We have several policies that cover environmental risks. We have environmental coverage under the per occurrence and aggregate limits of our general and umbrella liability policies (for a twelve-month term). These policies provide third-party surface cleanup, bodily injury and property damage coverage, and defense costs when a pollution event is sudden and accidental and is discovered within thirty days of commencement and reported to the insurance company within ninety days of discovery. This is standard coverage in oil and gas insurance policies.

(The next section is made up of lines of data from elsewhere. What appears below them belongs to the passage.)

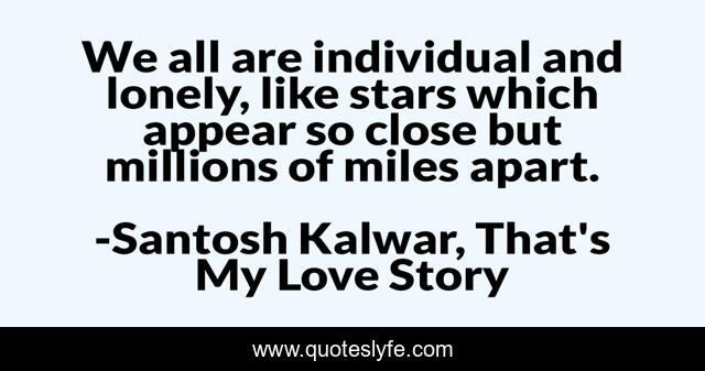 This page presents the quote "We all are individual and lonely, like stars which appear so close but millions of miles apart.". Author of this quote is Santosh Kalwar, That's My Love Story. This quote is about lonely, solitude, aloneness, individual, stars, apart,.
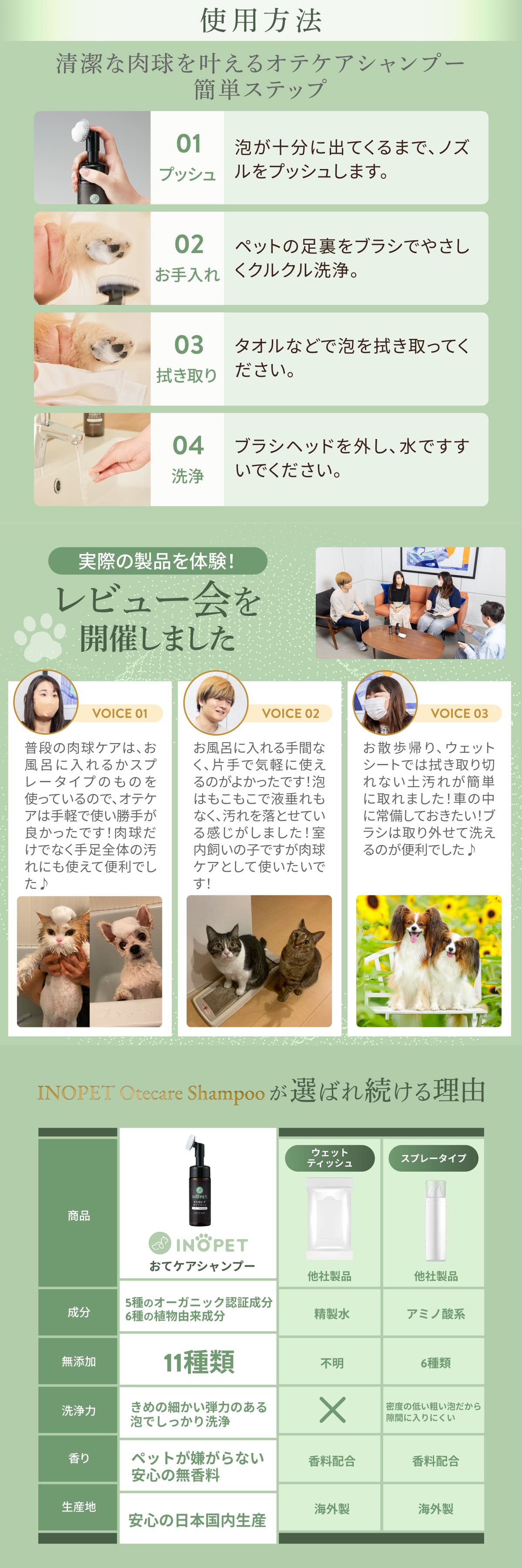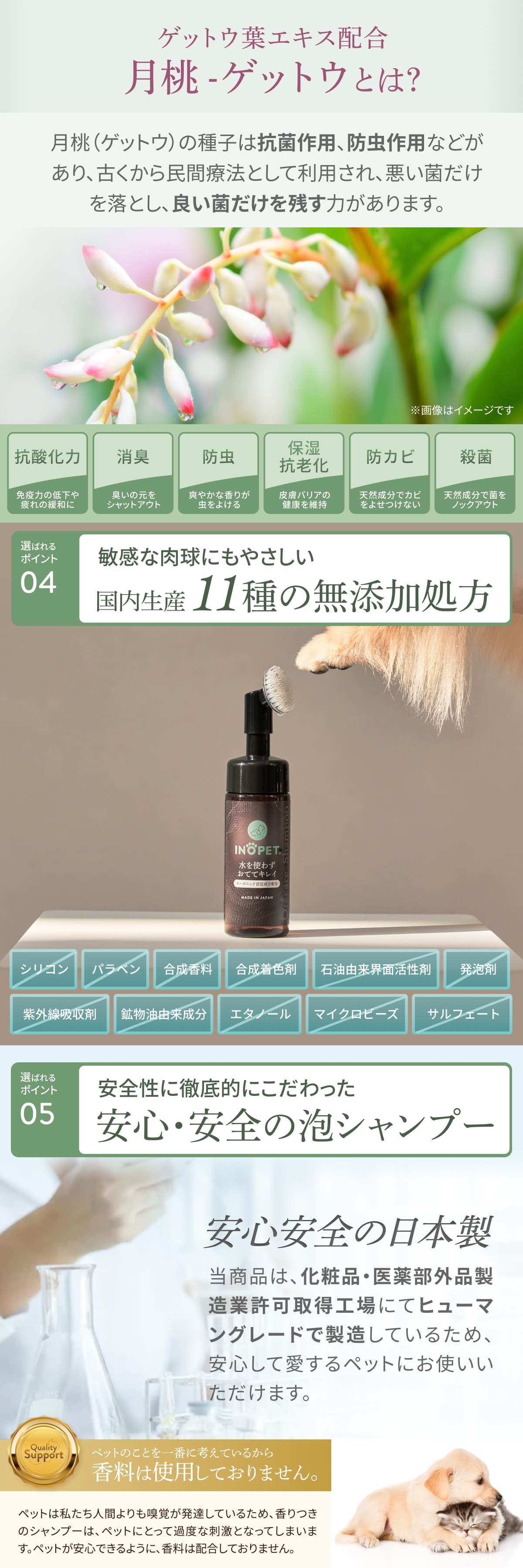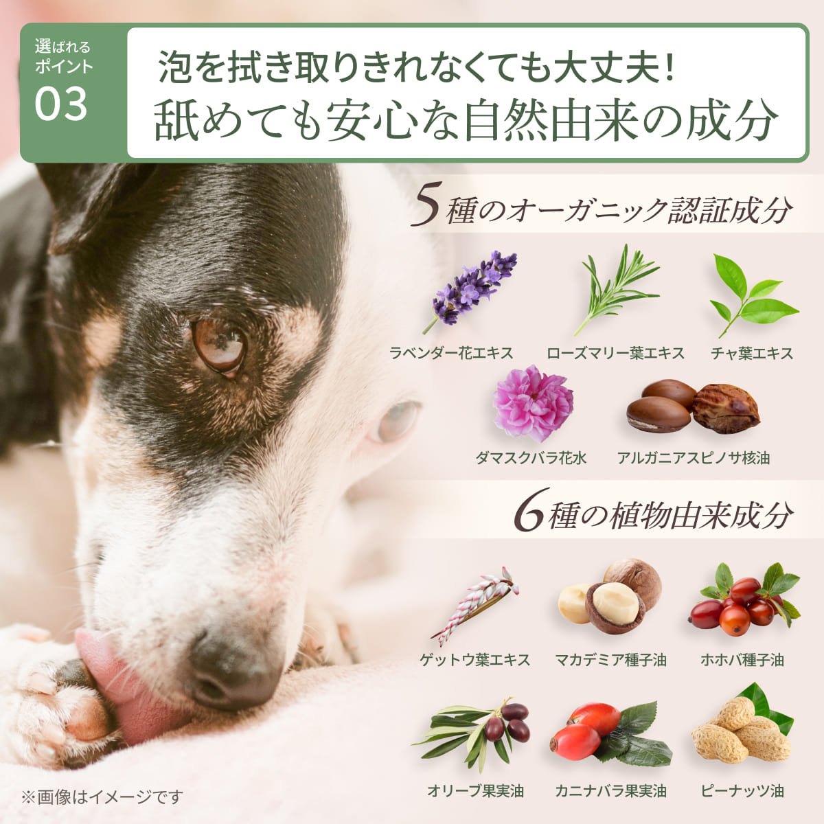 オーガニック認証成分5種配合、植物由来成分6種配合、11種の無添加で拭き取り切れなくても大丈夫。国産だから安心してお使いいただけます。獣医師推奨。
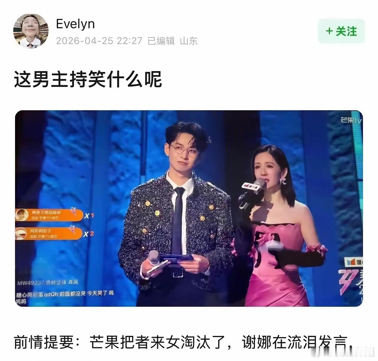 者来女淘汰者来女被淘汰后,现场所有姐姐都在哭,包括主持人谢娜也在哭,但齐思钧却一直在笑,没有丝毫难过的感觉,不少网友看后开始攻击齐思钧,觉得齐思钧没有共情能力,就像一个空心人站在那里,还不如换个机器人上去。齐思钧在这个节点上露出微笑的表情,的确有些不合时宜,特别是他身边的谢娜都哭成泪人了,脸上的妆都哭花了,其他姐姐走谢娜都没哭成这样,可见者来女被淘汰,不仅观众不服,谢娜也不服。而齐思钧的微笑和谢娜的爆哭同框后,这对比就让网友们觉得齐思钧没感情,不适合主持浪姐,纷纷要求节目组换人。还有人拿何炅和齐思钧比较,认为何炅在这种情况下,一定会共情能力很强的哭起来,都说齐思钧是何炅的接班人,但如今看来他距离何炅,差的还远着呢。不过小编觉得齐思钧没有哭还微笑着,应该是在秉持一个主持人的专业素养,主持人的专业就是时刻保持得体的微笑,如果他跟着其他人一起哭的话,网上骂节目组黑幕的话应该会更多。而且大家都哭了,就没有人出来控场了,还记得节目第一次直播的时候,多亏了齐思钧控场能力强,不然现场会更乱。大家怎么看这件事呢?

We seek to protect ourselves from some but not all operating hazards through insurance coverage. However, some risks are either not insurable or insurance is available only at rates that we consider uneconomical. Depending on competitive conditions and other factors, we attempt to obtain contractual protection against uninsured operating risks from our customers and contractors. However, customers and contractors who provide contractual indemnification protection may not in all cases maintain adequate insurance to support their indemnification obligations. Our insurance or indemnification arrangements may not adequately protect us against liability or loss from all the hazards of our operations. The occurrence of a significant event that we have not fully insured or indemnified against or the failure of a customer to meet its indemnification obligations to us could materially and adversely affect our results of operations and financial condition. Furthermore, we may not be able to maintain adequate insurance in the future at rates we consider reasonable.

From time to time, a small number of our contractors have requested contractual provisions that require us to respond to third-party claims. In some of these instances we have accepted the risk with the understanding that it would be covered under our current coverage. We evaluate these risk-transferring negotiations cautiously, and we feel that we have adequately mitigated this risk through existing coverage or acquiring supplemental coverage when appropriate.

Federal and state legislation and regulatory initiatives related to oil and gas development, including hydraulic fracturing, could result in increased costs and operating restrictions or delays.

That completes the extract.